Press Release

BMW Tate Live: Performance Room 2012 artists’ commissions announced: Jérôme Bel, Pablo Bronstein, Harrell Fletcher, Joan Jonas and Emily Roysdon

Tate and BMW reveal the first five international artists commissioned for the BMW Tate Live: Performance Room – a pioneering programme of live online performances reaching international audiences across world time zones.

Choreographer and dancer Jérôme Bel and artists Pablo Bronstein, Harrell Fletcher, Joan Jonas and Emily Roysdon each present works for the BMW Tate Live Performance Room. One performance will take place live each month within Tate Modern to be filmed as it happens for live online broadcast around the world. The performances will be followed by an online question and answer session with the artist or curator. 

Press are invited to view the BMW Tate Live Performance Room trailer presented by Chris Dercon, Director, Tate Modern at  www.tate.org.uk/bmwtatelive.

Audiences, who will only be able to view the performances on the internet, are invited to enter the online Performance Room via www.tate.org.uk/bmwtatelive at 20.00 hrs in the UK and exactly the same moment across time zones on the specified dates ie 15.00 hrs on the East Coast of America, 21.00 hrs in mainline Europe and 23.00 hrs in Russia. 

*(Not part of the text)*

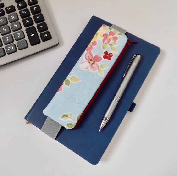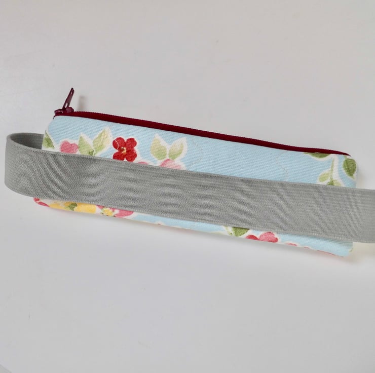 It has a dark red zip across the top. The elastic is grey and 25mm wide. The pencil case measures about 17.5 cm x 5cm and I have shown it here on the cover of a book 21cm tall and it fits perfectly.

The global audience are encouraged to chat with other viewers via social media channels during the performance and to put questions to the artists or curator following it using Tate’s social media channels twitter.com/tate; facebook.com/tategallery; youtube.com/tate and the Twitter hashtag #BMWTateLive. 

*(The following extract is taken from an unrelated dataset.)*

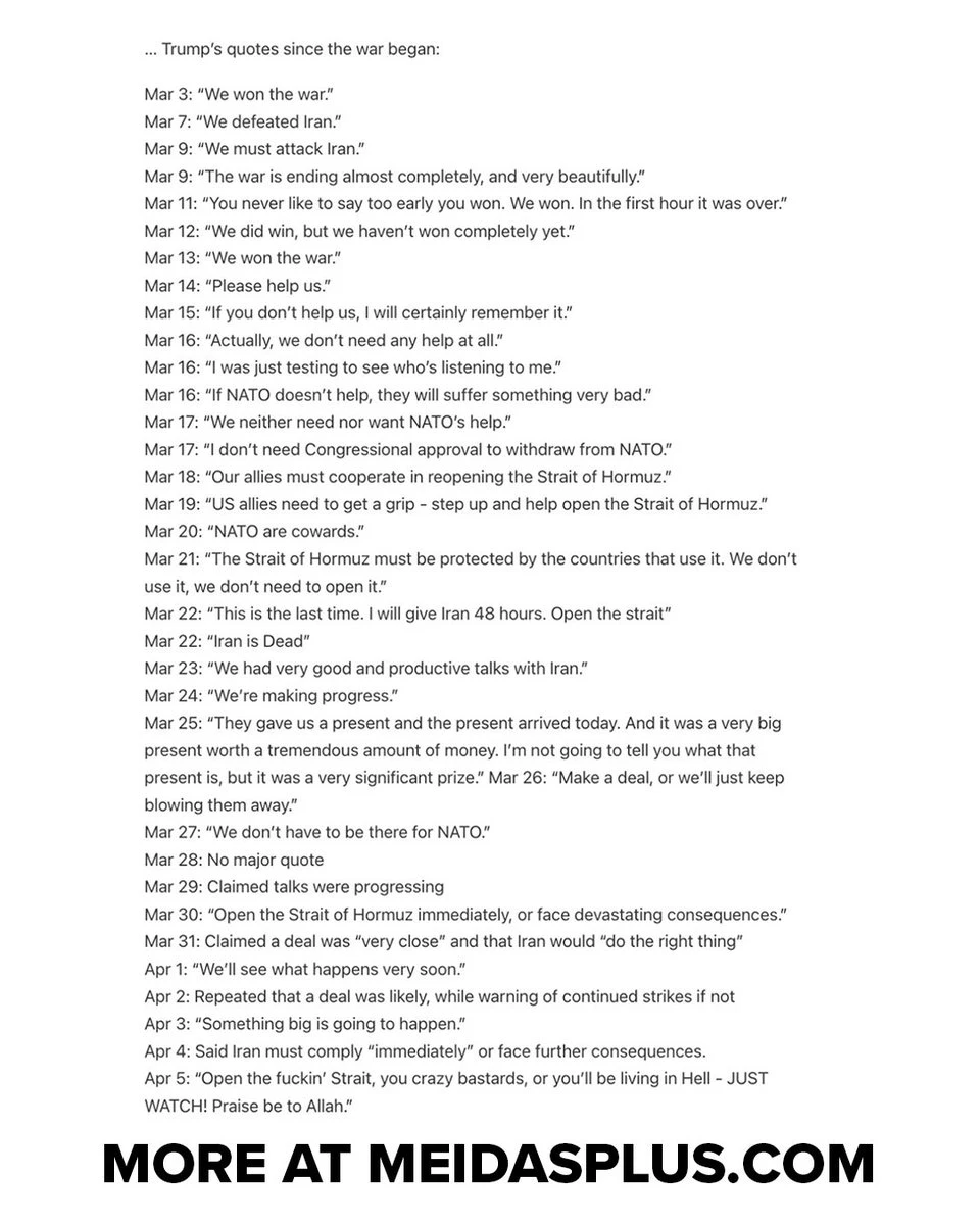 https://newrepublic.com/article/208580/transcript-trump-war-tirade-backfires-gop-panics-what-hell Yeah, I know it's from a lefty echo chamber, but there are a couple of good quotes. Re: DT's recent 'speech' about The Iran Situation: Apart from saying that the Strait of Hotmus will open up naturally one day.... "He thinks he’s Superman. And of course, that’s fine when you jump off the building. It’s just a problem when you hit the ground."

Thursday 22 March: French choreographer and dancer Jérôme Bel will inaugurate the BMW Tate Live Performance Room with a new work that is a twist on his 1997 performance Shirtology and which will emphasise and play with the Performance Room format. The work will feature one performer and a collection of T-shirts that are changed and removed to display different messages. Bel’s work explores the relationship between choreography and popular culture; and dancer and spectator, often using humour as a device to break the usual formality of a theatre setting. 

Thursday 26 April: Argentinean born, Pablo Bronstein, uses architectural design and drawing to engage with the grandiose and imperial past of the built environment. This preoccupation with form extends into his live work, for example, for the 2006 Tate Triennial he blended the regimented patterns of baroque dance with the minimalist choreography of the 1960s. He will work with up to 10 dancers to create a baroque trompe l’oeil stage set that exaggerates the perspective within the Performance Room. 

Thursday 31 May: American artist and writer, Emily Roysdon, explores the intersection of choreography and political action through performance, photographic installations, print making, text, video, curating and collaborating. She recently developed the concept ‘ecstatic resistance’ to address the impossible and imaginary in politics. 

Thursday 28 June: Harrell Fletcher’s work often takes the form of socially engaged collaborative and interdisciplinary projects including, with Miranda July, Learning To Love You More, an audience participatory website where visitors responded to assignments like “make an encouraging banner” or “make a neighbourhood field recording” with uploaded photos, film and text. For BMW Tate Live he will work with local amateur performers who ordinarily would not be seen by the Performance Room’s global audience.  

Mid to early July or September – tbc: Since the 1960s, Joan Jonas has been a major figure at the forefront of explorations in film and performance, transcending genres to develop an influential practice rooted in space, movement, ritual and gesture. Her early work featured herself as alter-ego, Organic Honey and she has often developed narratives based on fairytales and folklore. 

This innovative format will offer audiences internationally an opportunity to experience these works through an entirely new mode of presentation. Each performance will be archived and available to view online, accumulating into a series through the year. 

BMW Tate Live is a major four-year partnership between BMW and Tate, which focuses on performance, interdisciplinary art and curating digital space. BMW Tate Live: Performance Room is the inaugural strand of the partnership and features five commissions in 2012. 

BMW Tate Live is curated by Catherine Wood, Curator, Contemporary Art and Performance, Tate, and Kathy Noble, Curator of Interdisciplinary Projects, Tate. 

BMW Tate Live Performance Room: Performance dates and time in the UK*

22 March, 20.00 - BMW Tate Live Performance Room #1: Jérôme Bel

26 April, 20.00 - BMW Tate Live Performance Room #2: Pablo Bronstein

31 May, 20.00 - BMW Tate Live Performance Room #3: Emily Roysdon

28 June, 20.00 - BMW Tate Live Performance Room #4: Harrell Fletcher

Mid July / Sept, 20.00 - BMW Tate Live Performance Room #5: Joan Jonas

*Times listed are for the UK. Greenwich Mean Time (GMT) ends and British Summer Time (BST) begins in the UK on 25 March so times are listed as BST except for 22 March.